__The data__:
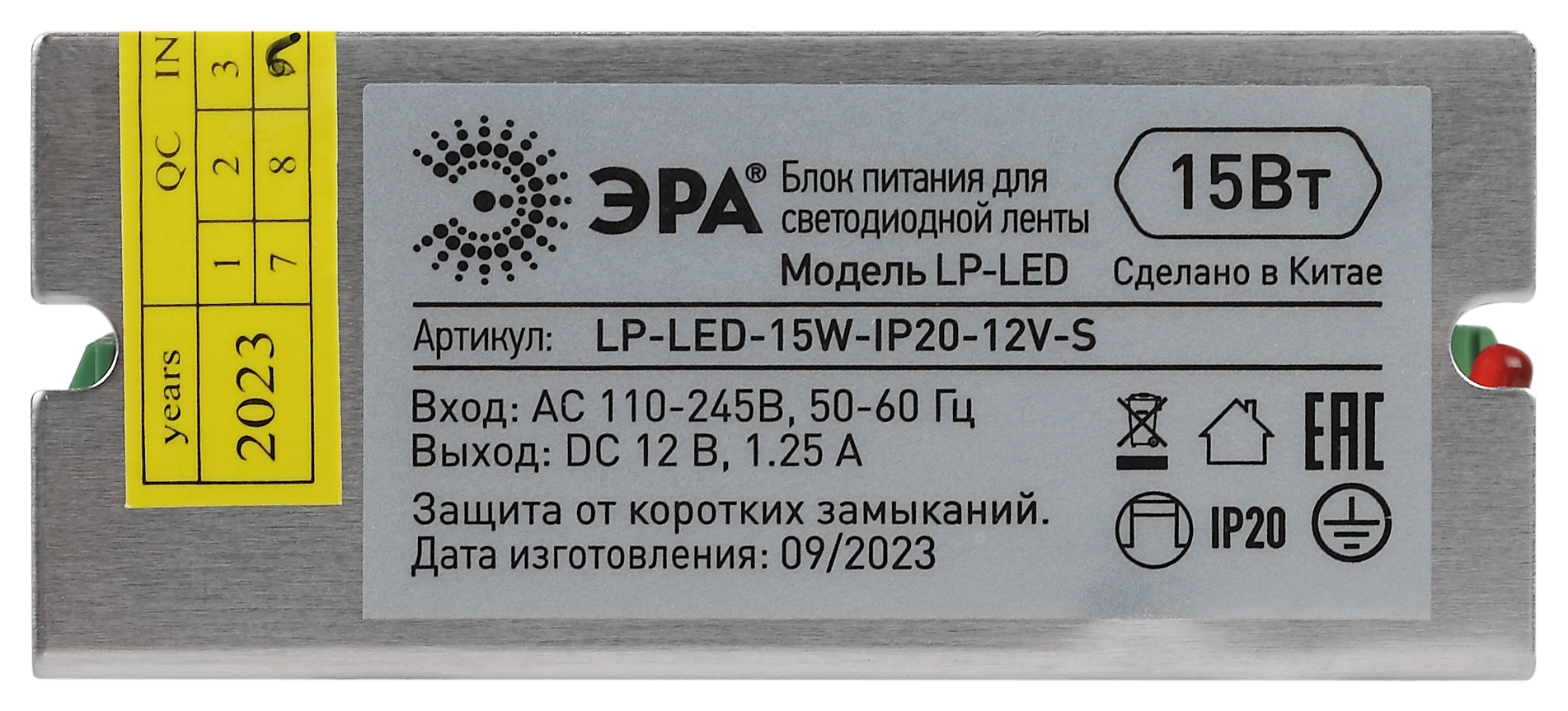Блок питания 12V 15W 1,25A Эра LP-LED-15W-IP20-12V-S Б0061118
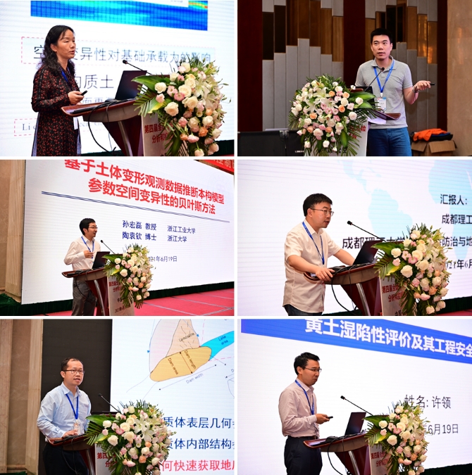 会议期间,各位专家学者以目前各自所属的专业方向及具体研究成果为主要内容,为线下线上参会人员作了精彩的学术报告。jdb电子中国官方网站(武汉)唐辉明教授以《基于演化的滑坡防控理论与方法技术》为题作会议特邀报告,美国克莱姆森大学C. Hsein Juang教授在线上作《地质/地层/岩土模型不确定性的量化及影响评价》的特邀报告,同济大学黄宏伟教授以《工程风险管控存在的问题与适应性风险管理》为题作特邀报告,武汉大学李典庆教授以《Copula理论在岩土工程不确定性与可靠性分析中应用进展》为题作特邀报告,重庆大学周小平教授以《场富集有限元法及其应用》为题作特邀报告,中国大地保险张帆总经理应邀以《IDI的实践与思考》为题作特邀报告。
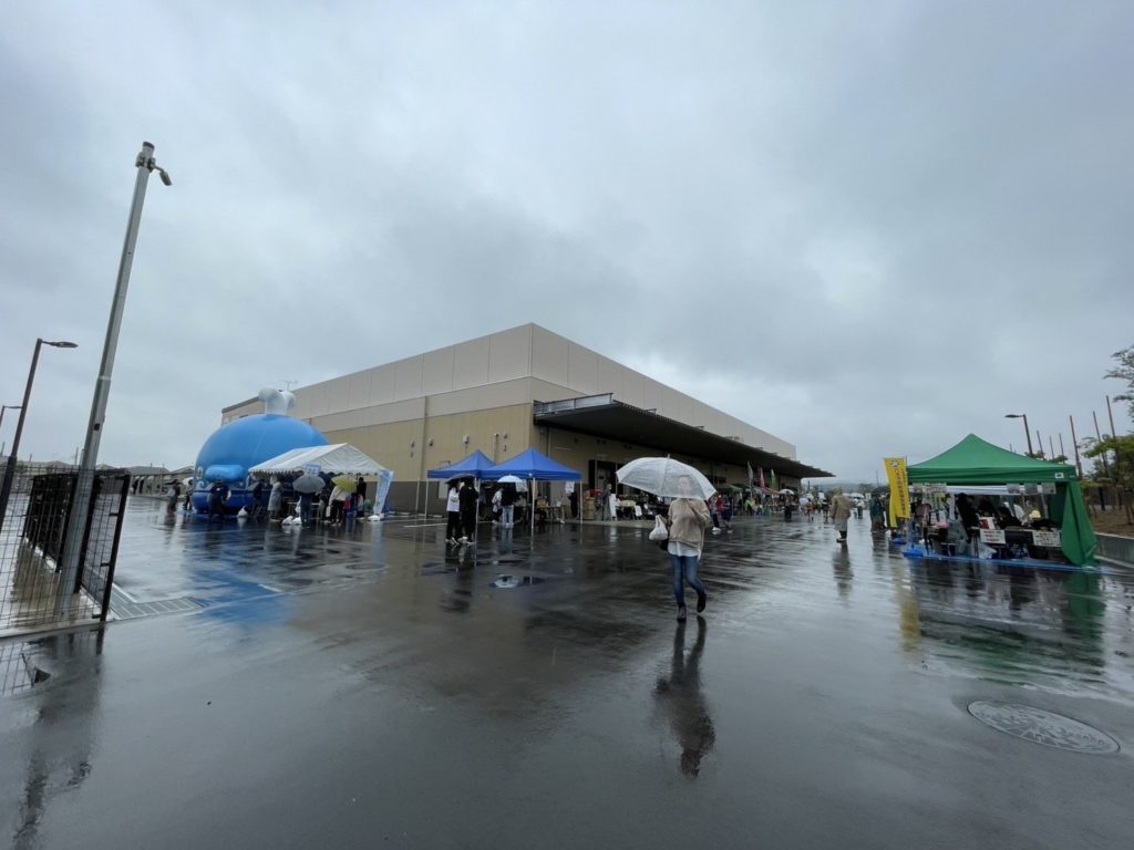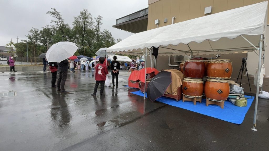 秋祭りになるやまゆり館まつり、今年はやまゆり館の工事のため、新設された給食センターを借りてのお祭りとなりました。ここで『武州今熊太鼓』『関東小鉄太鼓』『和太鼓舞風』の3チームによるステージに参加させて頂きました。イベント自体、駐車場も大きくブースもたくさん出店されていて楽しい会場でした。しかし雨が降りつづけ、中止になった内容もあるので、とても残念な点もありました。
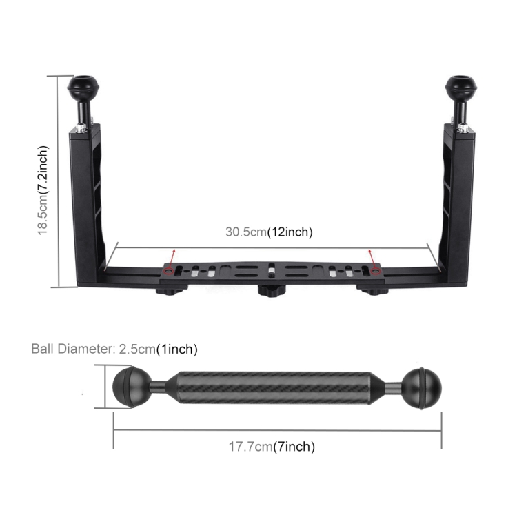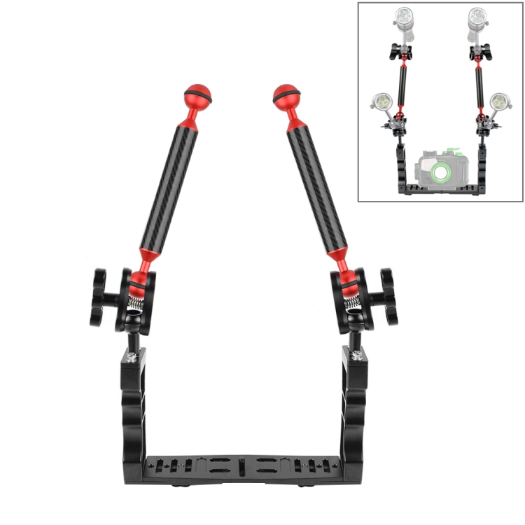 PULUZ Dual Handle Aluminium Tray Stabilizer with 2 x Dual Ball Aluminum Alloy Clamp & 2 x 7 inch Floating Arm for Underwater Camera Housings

...

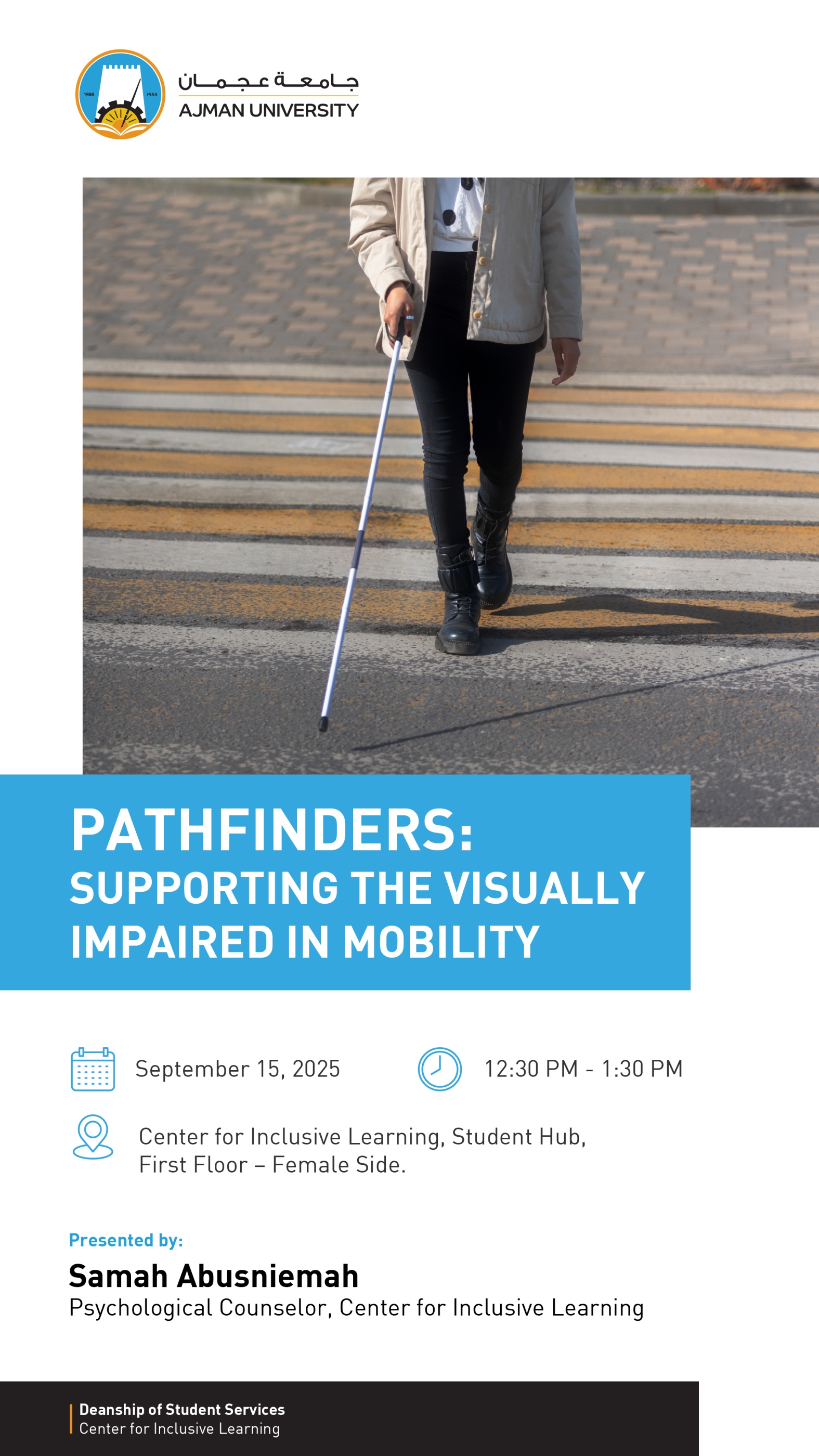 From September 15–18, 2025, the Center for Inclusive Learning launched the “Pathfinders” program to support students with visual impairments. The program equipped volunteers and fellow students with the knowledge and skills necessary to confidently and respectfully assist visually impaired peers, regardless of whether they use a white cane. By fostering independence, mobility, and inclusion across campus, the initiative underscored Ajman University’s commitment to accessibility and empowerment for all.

--

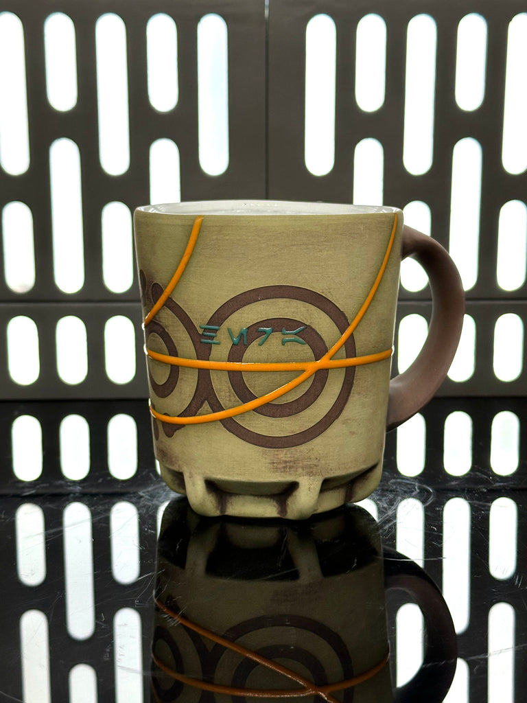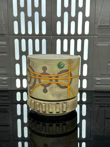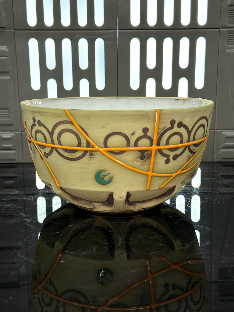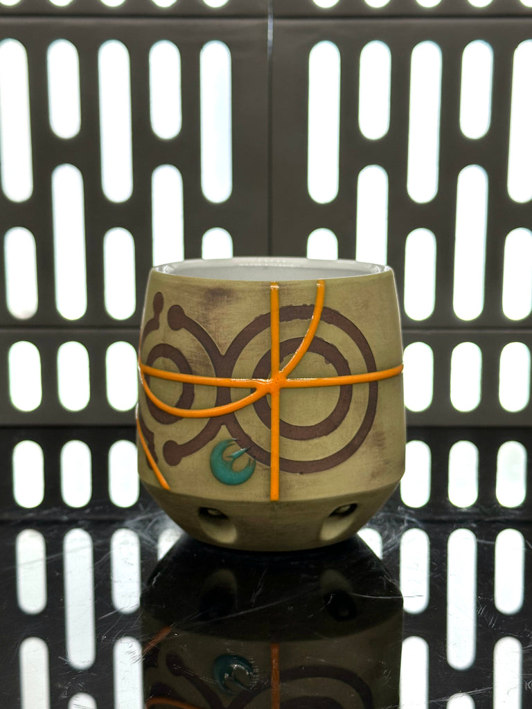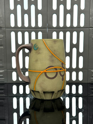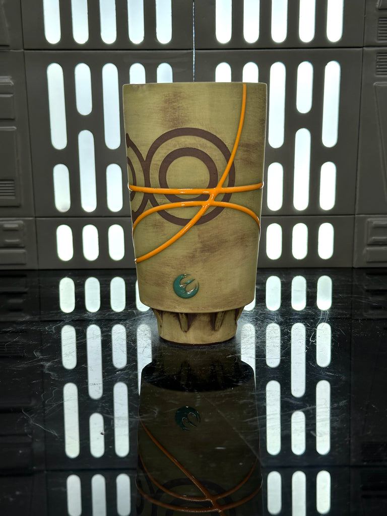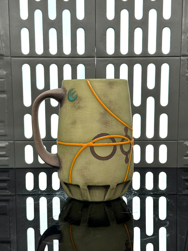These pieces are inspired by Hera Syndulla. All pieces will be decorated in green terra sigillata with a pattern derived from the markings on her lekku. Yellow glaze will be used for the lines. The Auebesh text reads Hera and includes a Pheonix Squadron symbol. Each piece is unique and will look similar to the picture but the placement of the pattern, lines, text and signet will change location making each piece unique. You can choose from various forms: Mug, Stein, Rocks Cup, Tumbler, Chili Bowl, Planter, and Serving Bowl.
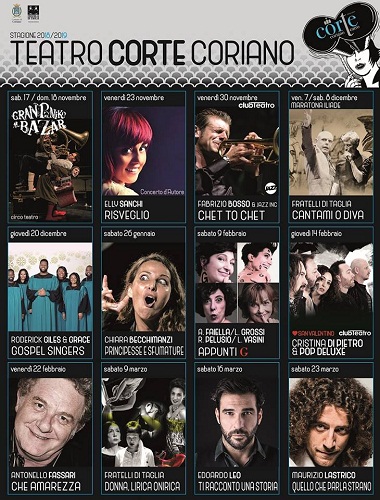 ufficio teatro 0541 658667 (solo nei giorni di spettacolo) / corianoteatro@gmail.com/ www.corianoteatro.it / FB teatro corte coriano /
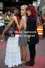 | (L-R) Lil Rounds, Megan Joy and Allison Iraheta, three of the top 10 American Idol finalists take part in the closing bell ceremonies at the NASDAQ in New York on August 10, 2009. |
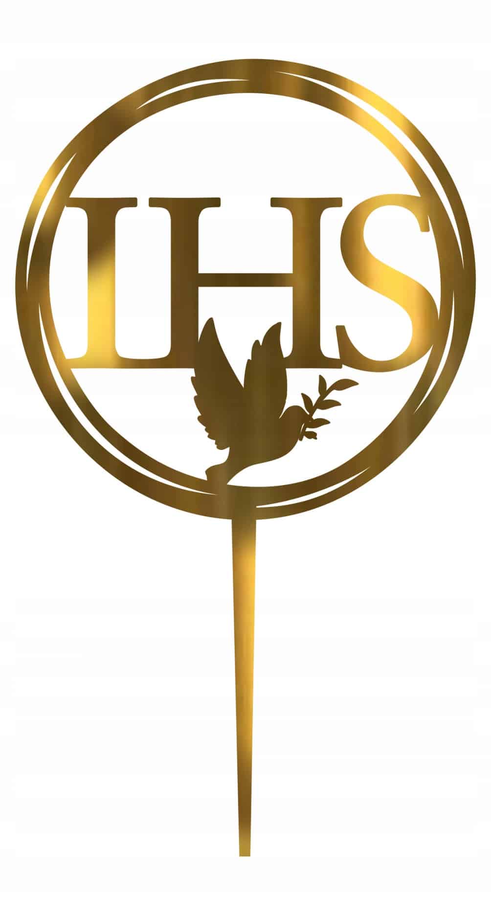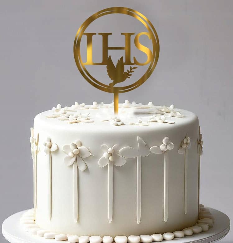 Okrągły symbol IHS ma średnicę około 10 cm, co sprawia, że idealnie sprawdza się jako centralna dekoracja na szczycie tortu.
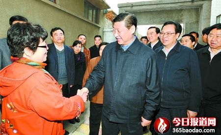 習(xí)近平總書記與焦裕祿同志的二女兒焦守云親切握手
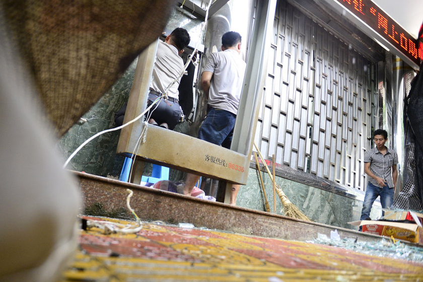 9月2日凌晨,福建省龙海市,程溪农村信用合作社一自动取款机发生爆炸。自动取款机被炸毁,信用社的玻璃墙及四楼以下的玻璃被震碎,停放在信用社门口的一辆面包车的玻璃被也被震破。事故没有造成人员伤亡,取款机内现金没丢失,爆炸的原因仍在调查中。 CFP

__What the task asks__: From the entries above, copy exactly the lines starting at the one with "10, 2009. |" and stopping at the one with "習(xí)近平總書記與焦裕祿同志的二女兒焦守云親切握手", keeping both ends. Drop the pictures.

__Answer box__:
 | (L-R) Lil Rounds, Megan Joy and Allison Iraheta, three of the top 10 American Idol finalists take part in the closing bell ceremonies at the NASDAQ in New York on August 10, 2009. |
 Okrągły symbol IHS ma średnicę około 10 cm, co sprawia, że idealnie sprawdza się jako centralna dekoracja na szczycie tortu.
 習(xí)近平總書記與焦裕祿同志的二女兒焦守云親切握手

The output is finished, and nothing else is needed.